Мать погружается в черную воронку безмолвия, на плавно изогнутой глади стенок которой высвечивается порою лицо ее убитого мужа: «Будь мужественна, я умру, если нужно умереть, за социал-демократию, за рабочее дело, что одно и то же, социал-демократия и рабочее дело, когда-нибудь мне за это воздастся. Товарищи будут помнить обо мне, и я буду жить в нашем сыне. Так что будь совершенно спокойна. В каком-то смысле я даже умру за всю Австрию, самой любимой частицей которой являешься для меня ты и за которой (кроме нас да еще коммунистов) никто не признает права на существование». Как в замедленной съемке, она видит огромные глыбы, извлеченные из каменоломен Маутхаузена, видит, как гибнут под ними истощенные узники. Даже после сигнала к окончанию работ их заставляли волочить вниз по мосткам глыбы скальной породы. И материнские недра Маутхаузена не противятся этому, ведь любая мать покорно вытерпит все, все снесет. И хотя она, мать Ханса, всю жизнь боролась, теперь у нее ничего не осталось, кроме высоченных стопок бумаги. Они расплываются перед глазами.

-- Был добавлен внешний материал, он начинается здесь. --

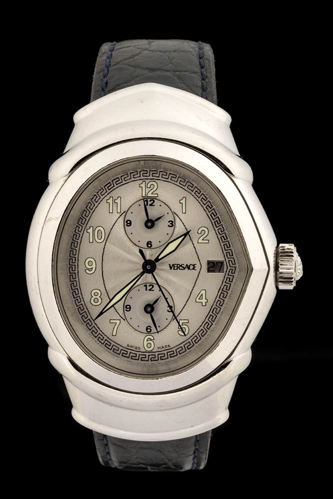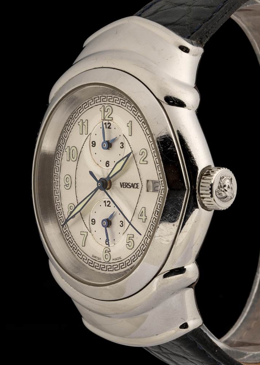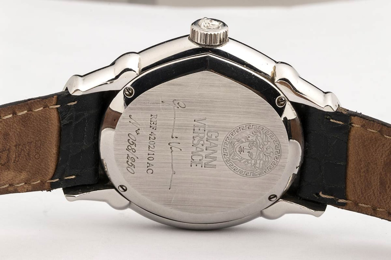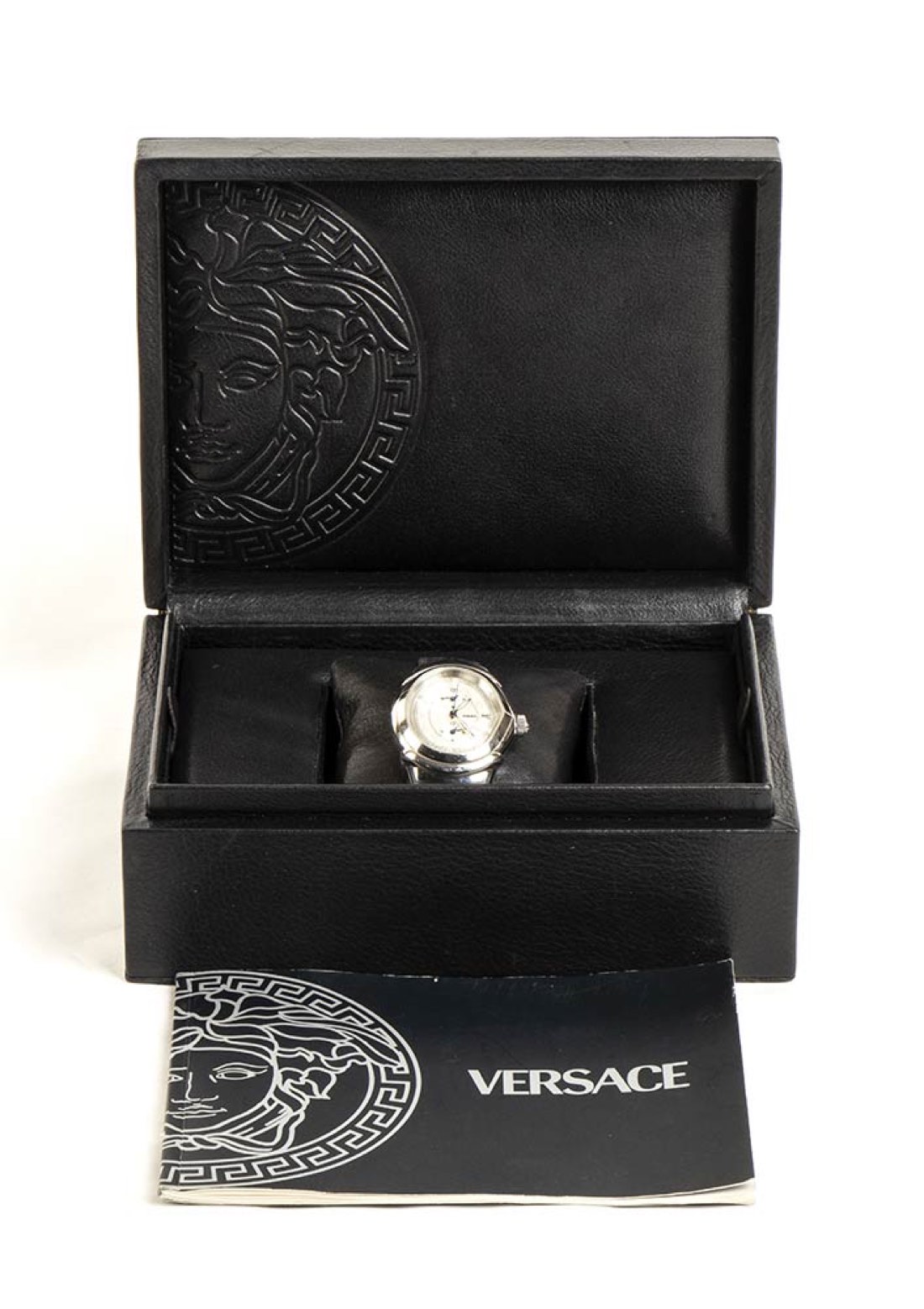 quadrante argento guilloché con movimento automatico Franck Muller. Orologio creato dalla collaborazione di Gianni Versace e Franck Muller, edizione limitata di 250 pezzi. Numero seriale 58/250, referenza 4202/10AC. Cassa in acciaio 39 mm. Cinturino in pelle con chiusura ardiglione. Vetro in zaffiro. Corredato da scatola originale e garanzia.
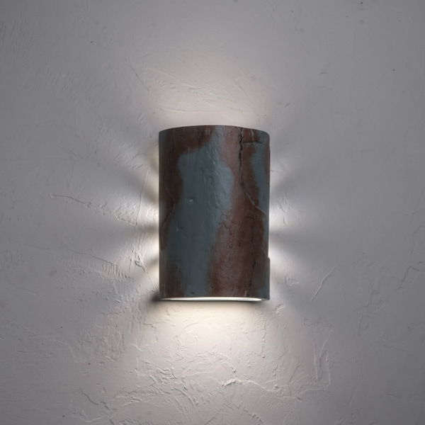 Luxury Lighting ceramic wall lights are non-corrosive and can withstand all types of weather humid or dry, hot or cold. A slate-like texture and grey color give this dimmable backlit half cylinder a Southwest look. UL listed for wet locations, it won't rust or corrode as metal does. The surface of this flush-mount fixture imitates the natural layers and cleavage of real slate. It's a beautiful addition to any home, especially those with wood siding or decorative areas of stone or rock.
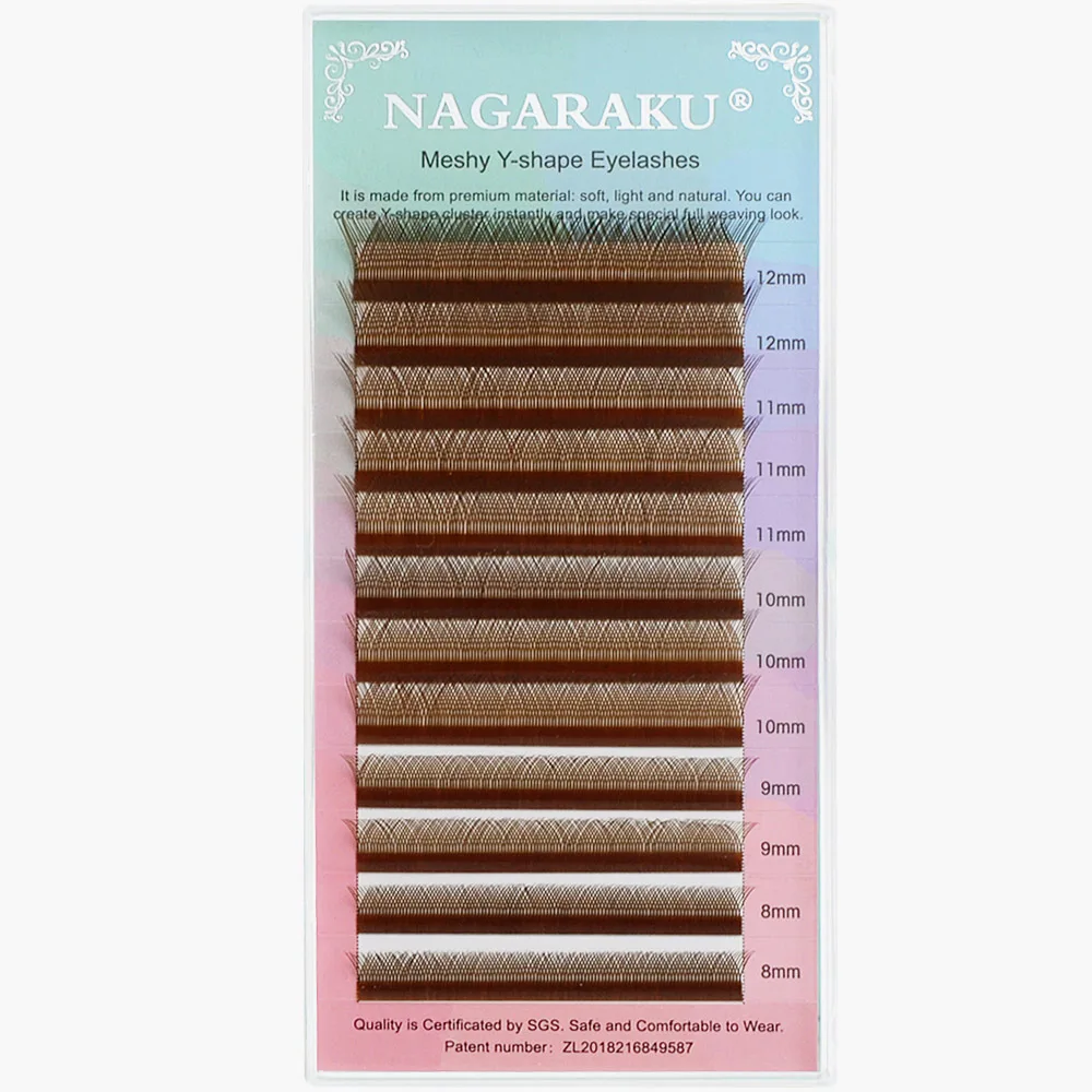 Коричневые Y-образные искусственные норковые ресницы NAGARAKU для наращивания, накладные ресницы, плетеные норковые ресницы, мягкие натуральные накладные ресницы с сеточкой
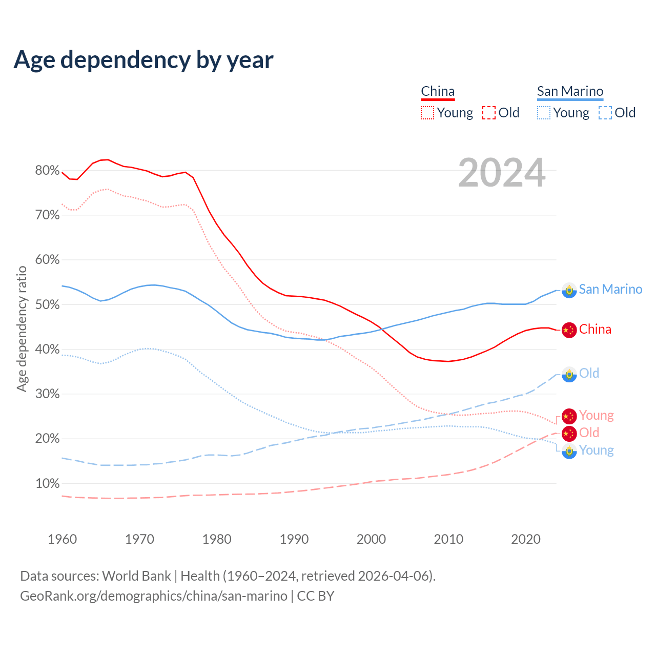- China is ranked 44/196 by median age (oldest to youngest) vs 3/196 for San Marino.

— А еще я сегодня пойду в джаз-клуб, — радостно трубит Ханс. Он облачается в стильное одеяние, последний крик моды поздних пятидесятых. Такая одежда — и защита, и маскировка одновременно. В те времена мода порывала со всеми традициями, да и вообще в молодости надо порвать со всем и вся, чтобы наконец-то освободиться от любого принуждения как в личной жизни, так и на работе.
— Труд не есть принуждение, человек открывает себя в своей деятельности, — шепчет мама. — Однако подлинное открытие происходит тогда, когда ни один человек не является рабом другого.
— И я давным-давно уже не раб, а индивидуальность, которая подчиняет своей воле другие индивидуальности, а именно женщин. Я несу ответственность лишь перед собой одним, и женщина, которую я люблю, тоже несет ответственность лишь передо мной одним.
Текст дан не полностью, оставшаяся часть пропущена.